Force est de constater qu’il n’hésite plus à mettre les deux pieds dans le plat : livraison de matériel à l’Ukraine, régime de sanctions suisses contre la Russie, mise en commun de notre défense aérienne avec les pays voisins… Chacune des prises de position de Gerhard Pfister sonne comme une sérieuse remise en cause de notre politique étrangère. Tout a commencé au mois d’avril, quand (sur Twitter) il se disait favorable à la livraison de matériel militaire suisse à l’Ukraine par l’Allemagne, une pratique que la loi actuelle sur l’exportation d’armes interdit. Ses déclarations choc se succèdent, à l’image de son discours devant l’assemblée des délégués du Centre le 7 mai dernier, dans lequel il reprochait à la Suisse de «faire le jeu de l’agresseur».

Bien sûr, Pfister ne prône pas un abandon pur et simple de la neutralité, ce qui, au vu des enquêtes d’opinion, serait un suicide politique, une année avant les prochaines élections fédérales. Encore doit-il être en mesure d’expliquer en quoi un pays qui de facto prend parti dans un conflit reste neutre. Ainsi, l’argumentaire du conseiller national zougois oscille entre considérations d’ordre moral – «Aujourd’hui, l’Ukraine défend aussi notre liberté et nos valeurs. Nous ne devons pas rester à l’écart.» – et considérations qui enrobent la morale d’une apparence de realpolitik. Comme lorsqu’il s’exprimait au 19h30 de la RTS, le 22 mai dernier: «La Suisse a l’obligation de se défendre. Lorsqu’il s’agit de l’attaque d’un pays européen, la Suisse doit porter secours à ce pays car lui aussi protège la Suisse en se défendant.»

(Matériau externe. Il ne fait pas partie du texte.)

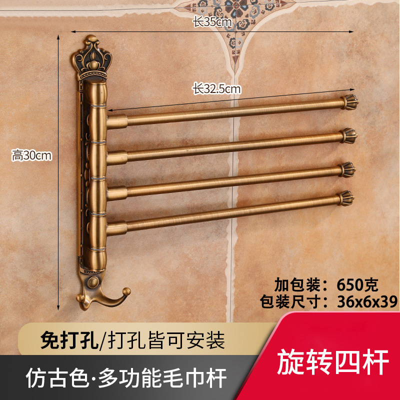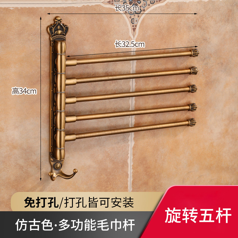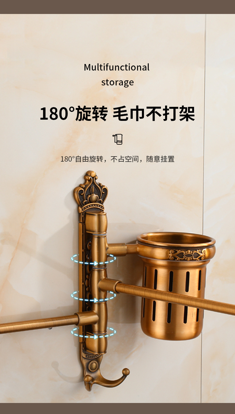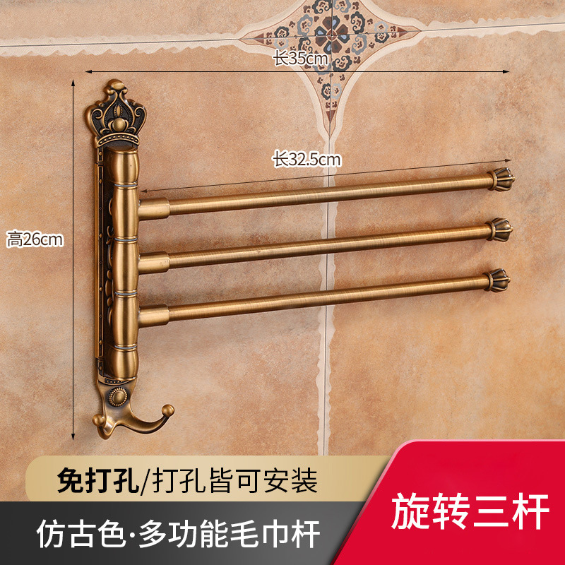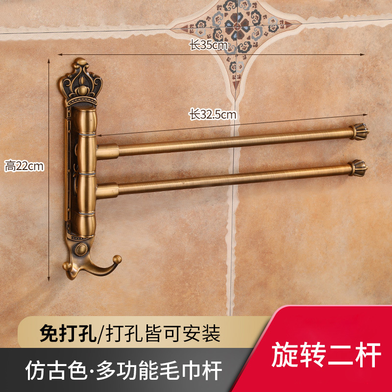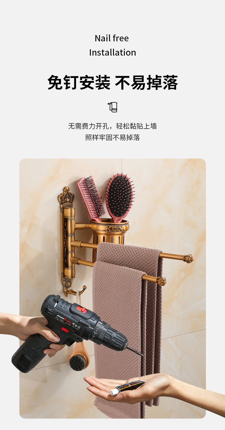Zhongba 도매 공간 알루미늄 타월 랙 회전 유럽 욕실 칫솔 컵 타월 바 천공 비 천공스토어 가기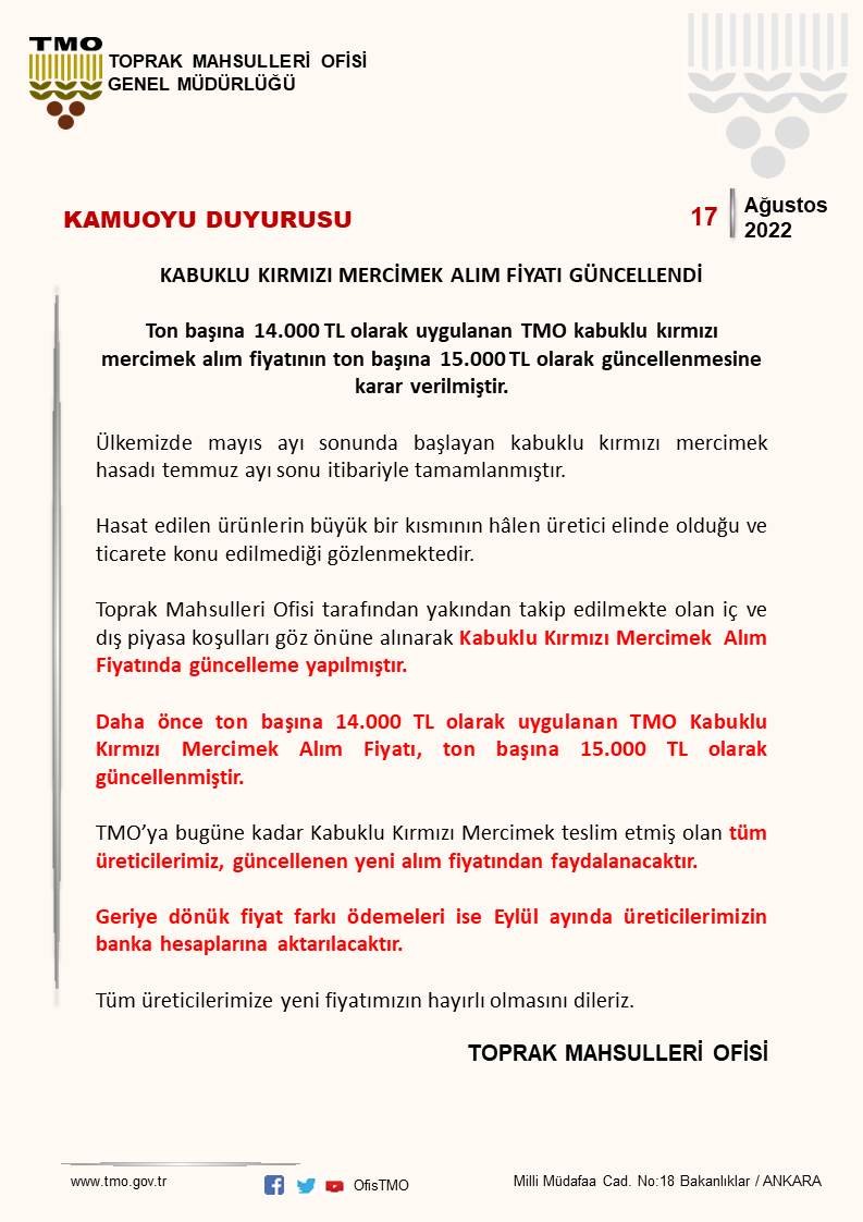 Toprak Mahsulleri Ofisi tarafından yayımlanan duyuruda, üreticinin daha fazla desteklenmesi için kırmızı mercimek alım fiyatında değişikliğe gidildi. Normal piyasada 13-14 TL arası satılan kırmızı mercimek alım fiyatı TMO tarafından 15 TL’ye çıkarıldı.

Une idée dévoyée de la neutralité

Parmi ses critiques, Félicien Monnier, président de la Ligue vaudoise, dénonce une idée dévoyée de la neutralité:«[La neutralité] n’est pas inféodée à la morale, encore moins à une vague appartenance à une prétendue civilisation eurodémocratique», écrivait-il dans une tribune du 24 mai dans les colonnes de 24 heures. Contacté par téléphone, il précise sa position: «Ce qui ressort particulièrement de la rhétorique de Gerhard Pfister, c’est l’idée que ce bloc eurodémocratique auquel nous appartiendrions peut imposer à la Suisse des obligations morales à respecter, respect que la Suisse doit retranscrire dans sa politique étrangère. Comme si nous devions faire la preuve par l’acte de notre appartenance au monde libre, une manière d’admettre que nous appartenons en fait à un bloc.»
Il ne s’agit pas pour l’avocat vaudois de nier toute communauté de destin avec les pays qui nous entourent : «Bien sûr il y a une proximité historique. Nous sommes issus du même moule. Mais cela n’oblige en rien notre petit état très fragile, facilement divisé, au cœur de l’Europe, à prendre parti de manière absolue dans un conflit en raison du fait qu’il appartient à la ʻcivilisation des droits de l’hommeʼ.» Il rappelle également la véritable fonction de la neutralité, conçue comme «un outil de la politique de sécurité de la Suisse lui permettant de garantir son indépendance parce qu’elle, en retour, assure à chacun autour d’elle, qui plus est dans la sphère européenne, qu’elle ne va pas servir à n’importe quel belligérant.»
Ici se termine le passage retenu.